As an example (this is the task which first made me want to do this), I
have a file, which has been copied from an MS-DOS box to my (non-MS-DOS)
machine. So the lines in the file are delimited by "\r\n", and not just
"\n". I have slurped the file into a string, in order to do some processing,
and I need to count the number of lines. So what I want to do is count the
number of occurrences of the string "\r\n" in the string.

IE,

        open(DOS,"Ms-dos-file");
        undef $/;
        $str = <DOS>;                      # Slurp
        .... processing on $str ...
        $lines = &count($str, "\r\n");     # Somehow...
        .... more processing ...

The only way I can see, which works for a general RE, is

        $count = ($str =~ s/RE/$&/g);

but the idea of doing global substitution, and using $&, strikes me as
a bit inefficient...

Another example, which shows why a general RE is better than just a string,
is if I am trying to write a wc clone. So we have

        open(FILE, $ARGV[1]);
        undef $/;
        $str = <FILE>;

        $chars = length($str);

        # Don't worry about funny line terminators this time, and note
        # that we can use the return value of tr/// for single character
        # counts...
        $lines = ($str =~ tr/\n//);

It seems to me that a nice way of counting words would be to count the
occurrences of the pattern /\b/, and divide by 2. With perl's blindingly
efficient pattern matching, this may be a very fast method.

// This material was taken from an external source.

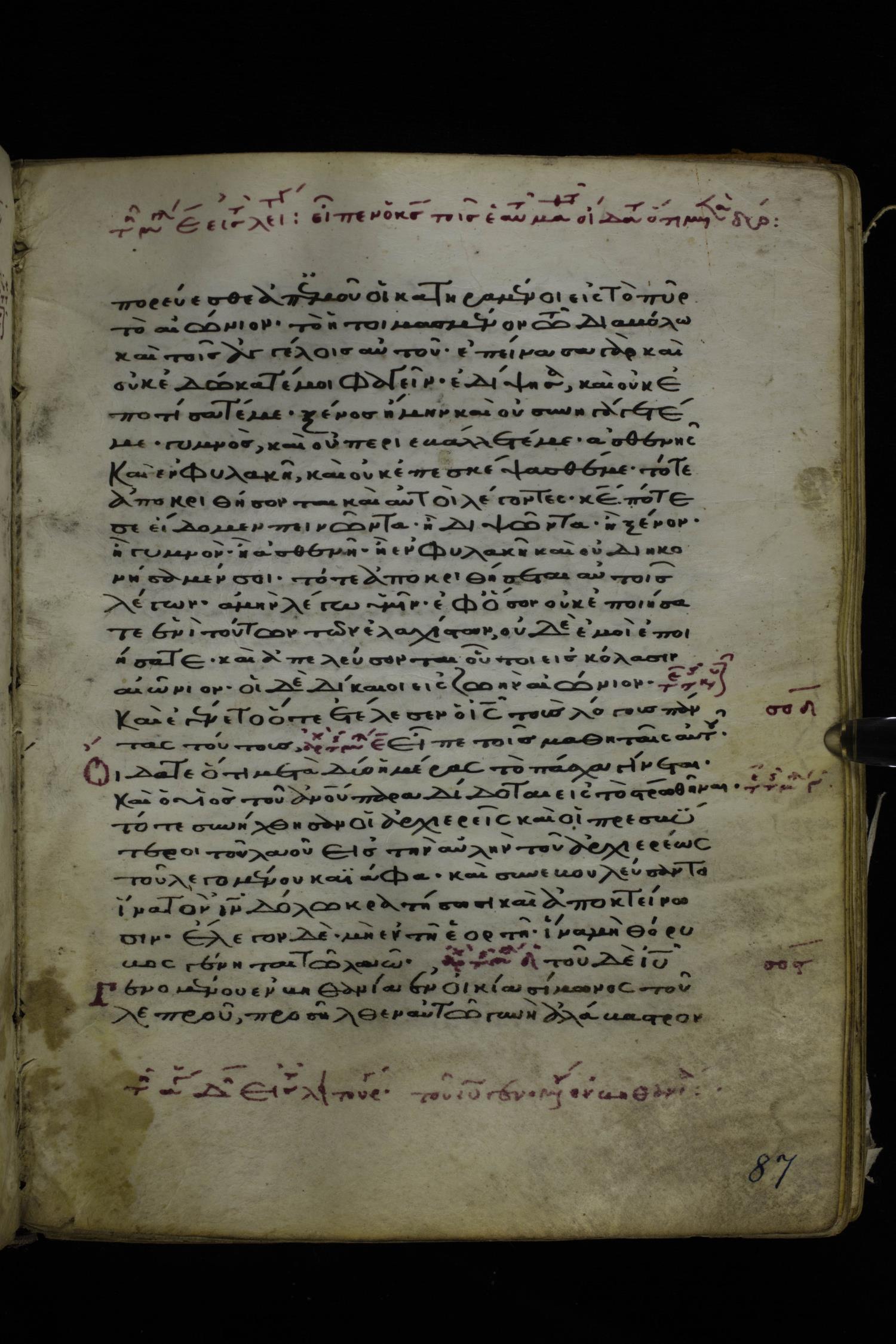 Twelfth or thirteenth century minuscule of the Gospels on parchment; 171 leaves, 1 column, 26-28 lines per column. Images were taken at the National Library of Greece in Athens.
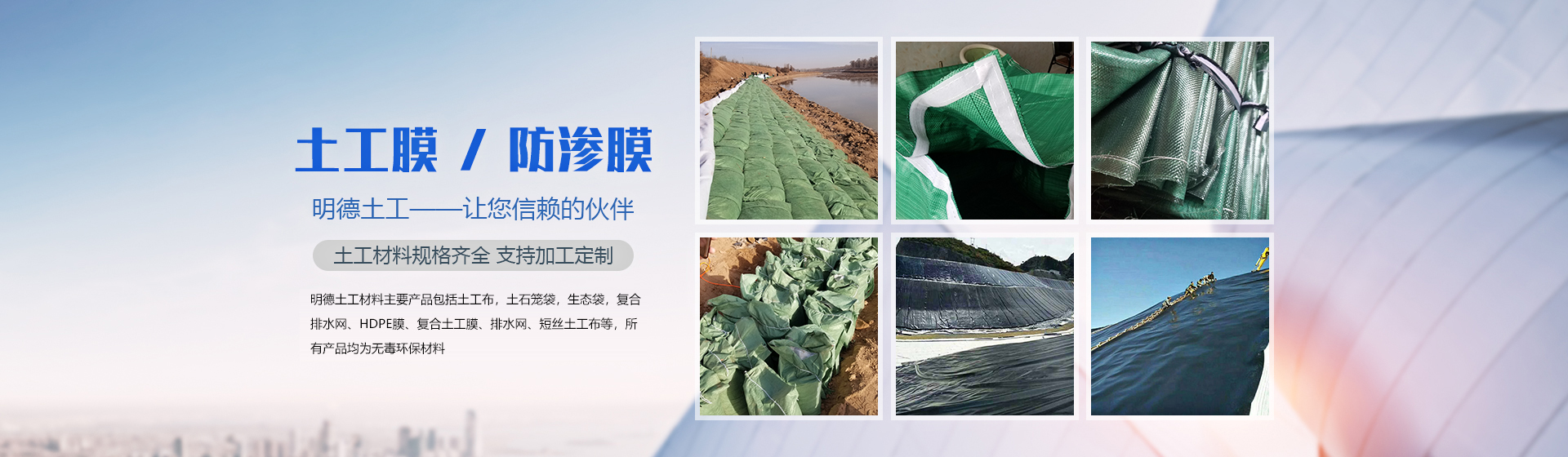 • 明德土工材料主要產品包括土工布,HDPE膜、復合土工膜、排水網、短絲土工布等,所有產品均為無毒環保材料,可廣泛應用于環境修復工程

Obviously, in most individual cases, there are alternative ways of doing
what I want. However, counting REs strikes me as a very "perl-ish" sort
of activity, and I would have expected it to be built in, somehow.
Perhaps as the return value of m// (which specifically isn't the case).

Comments, anyone?

Gustav.

PS Sorry if this has already appeared, but I don't think it made it out of
   my system...

E-Mail: pmoore%cix@ukc.ac.uk
    or: gustav@tharr.UUCP